The r2Winsteps package was developed to provide a convenient interface between R [@R] and the Rasch modeling software Winsteps [@Linacre]. The package is not intended to encompass the full capabilities of Winsteps, but rather to provide a simple framework for estimating many commonly applied models. The primary features of the package include:

Write control and data files for Winsteps with the r2Winsteps() function, which includes automatic detection of polytomous item types. Either the rating scale [default; @Andrich] or partial credit models [@Masters] can be estimated.
Run Winsteps directly from R with the runWinsteps() function, which writes and executes a .bat file to call Winsteps. Item, person, and structure (if a polytmous model is estimated) parameters are returned in a list. Intermediary files (control, data, output, etc.) can be stored or discarded (default).
Batch run a set of models with the batchRunWinsteps() files. Essentially calls runWinsteps(), but takes as its argument a list of data frames, with a different model fit and parameter estimates returned for each data frame in the list.

There were three primary motivation for developing r2Winsteps. First, Winsteps is a powerful software that can fit a range of Rasch models with impressive speed. By linking the software to R, a unified framework is provided where users can prep, explore, and analyze their data within the same environment. This is important not only for convenience and efficiency purposes, but also to facilitate transparency. When multiple software packages are used, and multiple script files stored, it can be easy for an outside researcher (or indeed, the same researcher at a later time) to get lost in the process used. This is also an important principle of reproducible research [@Stodden], and can facilitate dynamic document generation [@Xie] with Winsteps, where all tables and figures are generated in a report are generated dynamically. That is, as the model or data are updated, so too are the features within the document that depend on them. This document is an example of using Winsteps within R to generate a reproducible and dynamic document, via the r2Winsteps package (although in practice, most documents would include the code being hidden).

The second primary motivation for developing r2Winsteps was the powerful plotting capabilities in R, coupled with tremendous flexibility. Winsteps provides many excellent plots, available through the graphs menu, but they are limited in that the user has little control over their appearance (e.g., line types, colors, etc.). By contrast, R provides almost limitless flexibility, and multiple packages are available for facilitating plot creation (e.g., ggplot2 [@Hadley], lattice [@Sarkar]). The built-in plotting function in the r2Winsteps package are still under active development. These were all created with the base graphics, and should be fully customizable.

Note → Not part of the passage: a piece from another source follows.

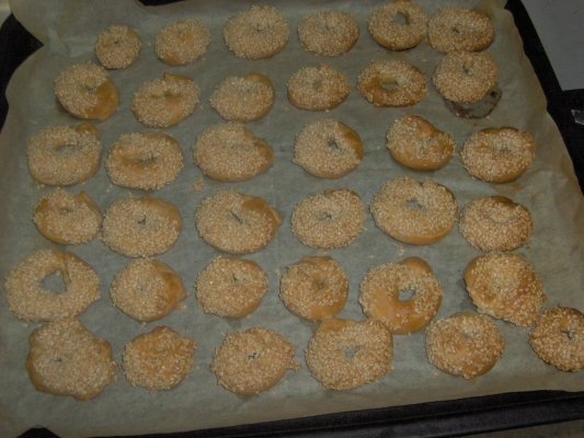 Intr-un castron se cerne faina se adauga margarina bucatele si uleiul si se amesteca si treptat se adauga restul ingridentelor.(se poate pregati aluatul cu robotul de bucatarie si atunci se adauga toate componentele odata). Se incalzeste cuptorul la 180 de grade,se pune pe tava pergament, si se rup bucatele de aluat si se fac covrigei mici.Intr-un castronas se toarna susan si in altul se bate oul cu putina apa.Se inmoaie covrigei in ou si in susan si se pun pe tava.Se coc 12 minute sau pina sint aurii.Se pot pastra intr-o cutie ermetica merg foarte bine cu bere.

The third and final primary motivation for developing r2Winsteps was to develop an efficient method for batch processing analyses with Winsteps. While a batch processing option is available through Winsteps, one still must write each control and data file for each analysis. The r2Winsteps package allows for an efficient means of batch writing control and data files for analysis, which can then be estimated through Winsteps batch mode.

Note that the package is still in active development, and this vignette will be updated over time accordingly. The purpose of this vignette is to provide a few illustrated examples of using the package in its current stage. If you use the package, please reference it using the code below. If you find any bugs, please email them to daniela@uoregon.edu, or log them at https://github.com/DJAnderson07/r2Winsteps/issues.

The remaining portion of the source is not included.